Sealey-Cardona Marco, Schmidt Katy, Demmel Lars, Hirschmugl Tatjana, Gesell Tanja, Dong Gang, Warren Graham
Max F. Perutz Laboratories, University of Vienna and Medical University of Vienna, Dr. Bohr-Gasse 9/3, 1030, Vienna, Austria.

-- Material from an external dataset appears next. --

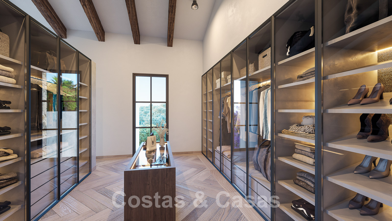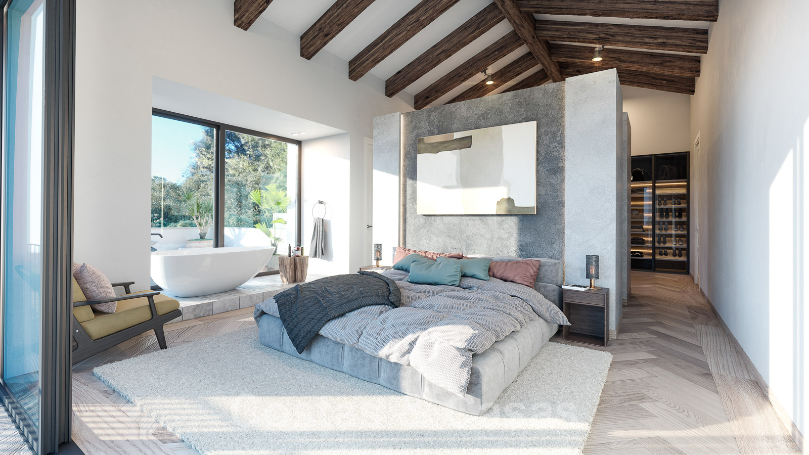 Entrando, a la derecha se encuentra la espaciosa suite principal con un techo abovedado extra alto, un baño central - abierto, vestidor y una gran terraza abierta donde se disfruta de espectaculares vistas al mar.

Traffic. 2014 Jun;15(6):613-29. doi: 10.1111/tra.12170. Epub 2014 Apr 4.
The Sec16 homologue in Trypanosoma brucei has been identified and characterized. TbSec16 colocalizes with COPII components at the single endoplasmic reticulum exit site (ERES), which is next to the single Golgi stack in the insect (procyclic) form of this organism. Depletion of TbSec16 reduces the size of the ERES and the Golgi, and slows growth and transport of a secretory marker to the cell surface; conversely, overexpression of TbSec16 increases the size of the ERES and Golgi but has no effect on growth or secretion. Together these data suggest that TbSec16 regulates the size of the ERES and Golgi and this size is set for optimal growth of the organism.
布氏锥虫中的Sec16同源物已被鉴定和表征。TbSec16与COPII组分共定位于单个内质网出口位点(ERES),该位点在这种生物体的昆虫(前循环)形式中紧邻单个高尔基体堆栈。TbSec16的缺失会减小ERES和高尔基体的大小,并减缓分泌标记物向细胞表面的生长和运输;相反,TbSec16的过表达会增加ERES和高尔基体的大小,但对生长或分泌没有影响。这些数据共同表明,TbSec16调节ERES和高尔基体的大小,并且这个大小是为生物体的最佳生长而设定的。